Milli Mücadelenin Sesi: Anadolu Ajansı
Ece Nisa Güven
“Değil mi, evvela kendini ve mümkünse bütün vatanı kurtaracak olan Anadolu’dur. O halde kararımızı vermiş olalım, Anadolu Ajansı…”
Osmanlı Devleti’nin işgal kuvvetlerinin hâkimiyeti altında olduğu dönemde Mustafa Kemal Atatürk, Samsun’a çıkarak milli mücadele hareketini başlattı. Mustafa Kemal’in Samsun’a çıkışıyla başlayan milli mücadele, çeşitli kongreler ve anlaşmalarla devam etti. Bu dönemde yaşanan en büyük sorunlardan biri bağımsızlık mücadelesinin ve yaşanan askeri, siyasi gelişmelerin tüm Anadolu’ya duyurulamamasıydı. Sivas Kongresi’nden hemen sonra bu soruna çözüm bulma amacıyla Mustafa Kemal’in talebi doğrultusunda 14 Eylül 1919’da İrade-i Milliye, 10 Ocak 1920’de ise Hâkimiyet-i Milliye gazeteleri yayımlanmaya başladı.
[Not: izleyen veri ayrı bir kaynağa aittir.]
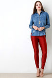 This trendy jacket features a distressed design, two front pockets, button-up with classic collar, button-ended longsleeves, and back pleating. Finished with a high-low hemline with rounded back. Accessories sold separately. 98% Cotton, 2% Spandex.

Gazeteler her ne kadar kurtuluş mücadelesine destek sağlasa da Anadolu’nun farklı kesimlerine yeteri kadar ulaşamıyor ve milli mücadelenin gerekliliğini iç ve dış kamuoyuna yeteri kadar anlatılamıyordu. Kurtuluş Savaşı’nı dış kamuoyuna anlatmak, milli mücadelenin haklılığını açıklayabilmek ve Türkiye’nin kazandığı siyasi, askeri başarıları gösterebilmek için oldukça önemliydi.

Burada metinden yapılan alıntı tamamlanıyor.